In response, SVM plans to launch the SVM UK Absolute Alpha Fund, a long/short UK equity Ucits fund with a similar investment approach to the SVM Saltire fund, which returned 19.7 per cent in 2008 compared to a fall of 29.9 per cent in the FTSE All Share Index.
SVM is currently seeking approval from the Financial Services Authority for the SVM UK Absolute Alpha Fund. If approved, the fund will have the flexibility to move from a net long to a net short position differentiating it from other absolute return funds.
It will be managed by SVM managing director Colin McLean (photo), manager of SVM Saltire, and his deputy manager will be Hector Kilpatrick. Returns will be driven by stock selection and the net position of the fund will be determined by whether the manager has more long or short stock ideas at the time.
In 2008, SVM Saltire was net short for much of the year as a result of identifying many companies where deteriorating trading, balance sheet weakness or high valuation could lead to a fall in the share price. These short positions were a strong contributor of alpha throughout the year.
The new fund will aim to deliver returns in excess of cash (as measured by Libor) over 12 month periods, and to substantially beat cash over all three year periods. Through a full market cycle SVM expects to outperform the FTSE All Share Index. The focus will be on generating positive returns over the long term rather than positive performance each month, as such SVM believes the appropriate time frame for investing in the new fund is at least three years.
Since launch in 2002 SVM Saltire has delivered an annualised return of 12.7 per cent. The fund has captured approximately 80 per cent of upside in rising markets and also generated positive performance in falling markets.
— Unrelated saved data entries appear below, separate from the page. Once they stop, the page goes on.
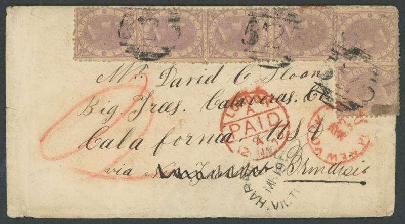 1873 (March 19) envelope to "Big Trees, Calaveras Co, California, USA" endorsed "Via New Zealand" but crossed out and replaced with "Brindisi", QV De La Rue 2d violet x6 including two pairs tied by three fine complete Barred Numeral '525' cancels (Type 1; rated R) with largely fine complete 'HARRIETVILLE/ VICTORIA' unframed cds on the face, Melbourne transit backstamp, London 'PAID/13 MY 73' cds in red on the face with accountancy marking "2"[d] in red pencil for credit to Great Britain for Trans-Atlantic Steamer service, New York 'MAY/23/PAID ALL' cds in red also on the face, and apparently no charge raised for inland delivery, small part back flap missing & minor edge faults lightly affecting a couple of the adhesives. Ex John Barwis. The rate was 1/- per ½oz for carriage via London. Not listed in Ben Palmer's Census. (Image1)
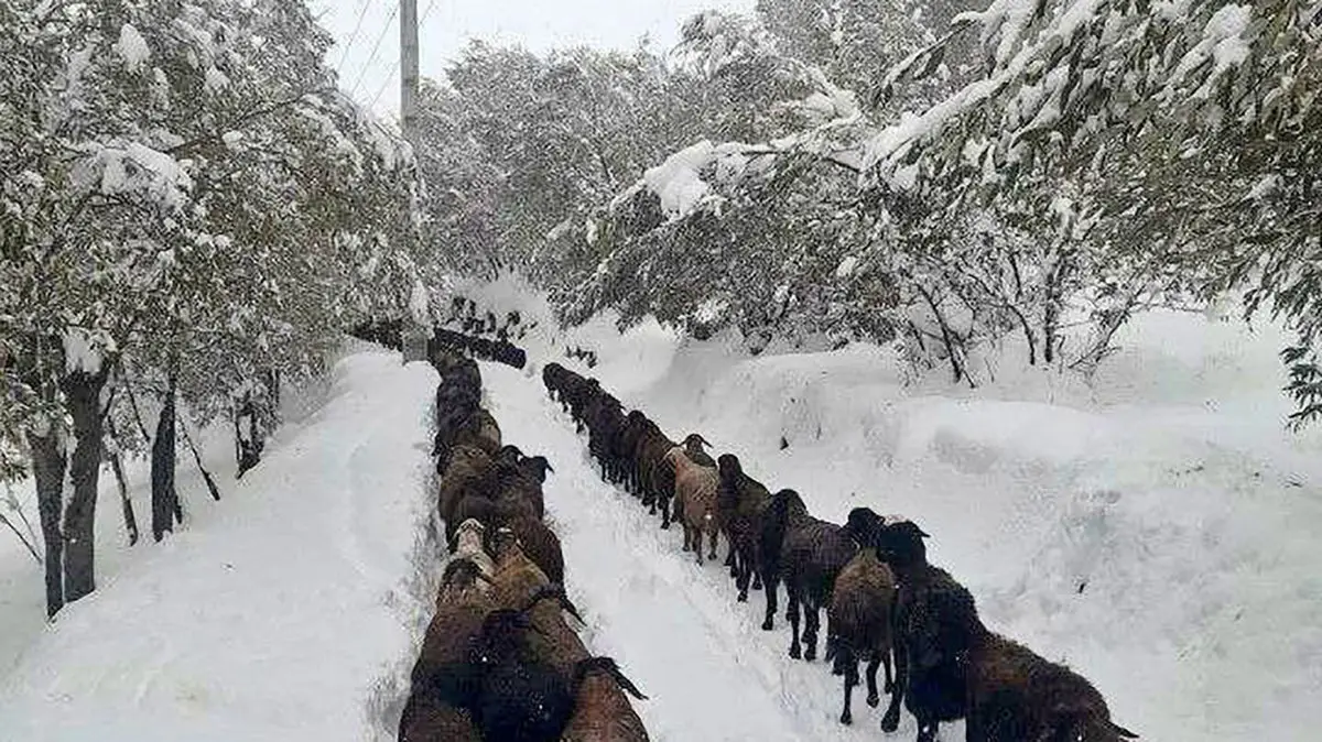 گوسفندان هم از بارش برف شگفت زده شدند ! + عکس
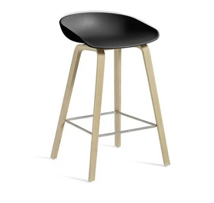 HAY AAS32 Bar Chair Low - Lacquered Oak Veneer / Black / Footrest Stainless Steel Skøn barstol fra HAY, designet af Hee Welling. Stolen er smuk og enkel i si Se mere ...
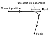 在位置指定的通过动作中,如果不指定“@[通过起始位移量]”而指定“@a[通过起始位移量]”,则当前位置(编码器值)和目标位置之间的距离接近指定数值时执行下一行指令。
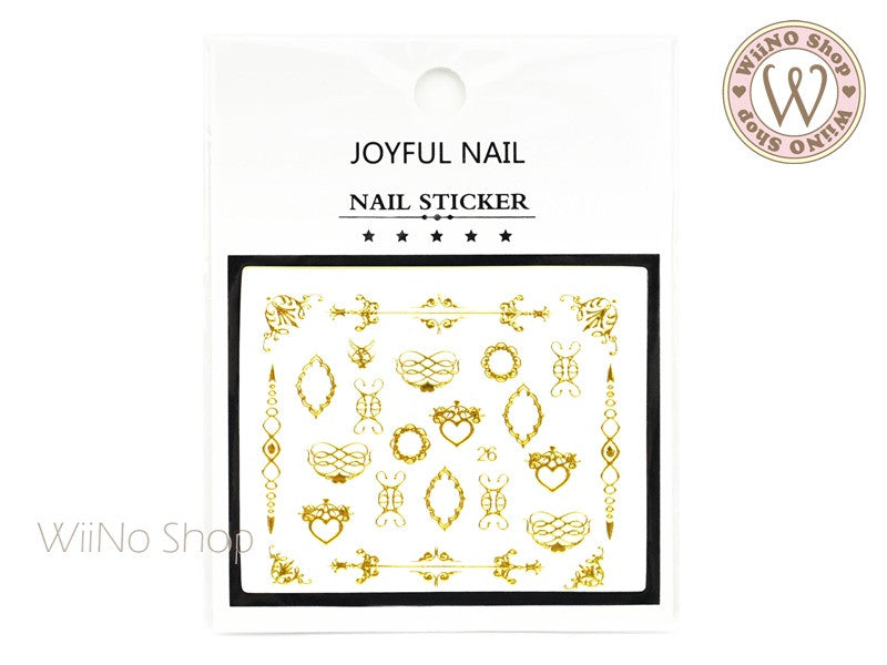 Gold Victorian Lace Pattern Adhesive Nail Art Sticker - 1 pc (J26)
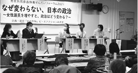 「女性議員を増やそう」と呼びかける集会が21日、仙台市で開かれました。「女の平和」ピースアクションみやぎと宮城女性九条の会が企画・運営する集会に、70人の市民が参加しました。
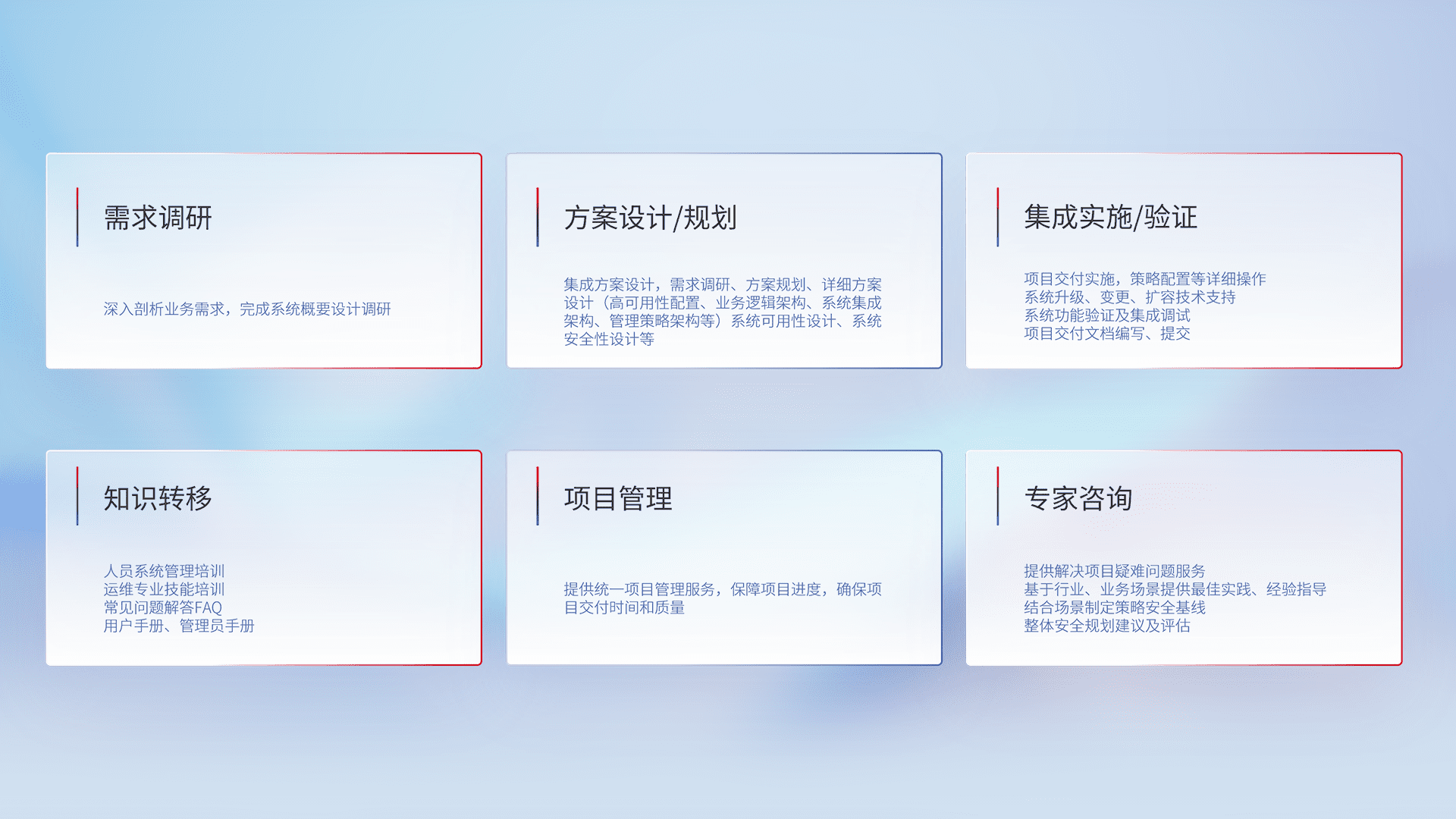 针对客户行业特性,,,,将宏观的安全战略和需求,,通过专业的交付服务,,实现项目落地,,为客户提供标准规范的集成交付服务。。。

‘In 2008 just 31 of the stocks in the FTSE All Share ended the year higher, and 580 were down. It is therefore not surprising that few long only managers were able to profit,’ McLean says. ‘Without question this year will be challenging for the economy. However, at a company level there will be winners and losers and fundamental stock picking skills will be required to identify them. The SVM Absolute Return fund will have the flexibility to benefit from both rising and falling share prices, which could be the key to success in 2009.’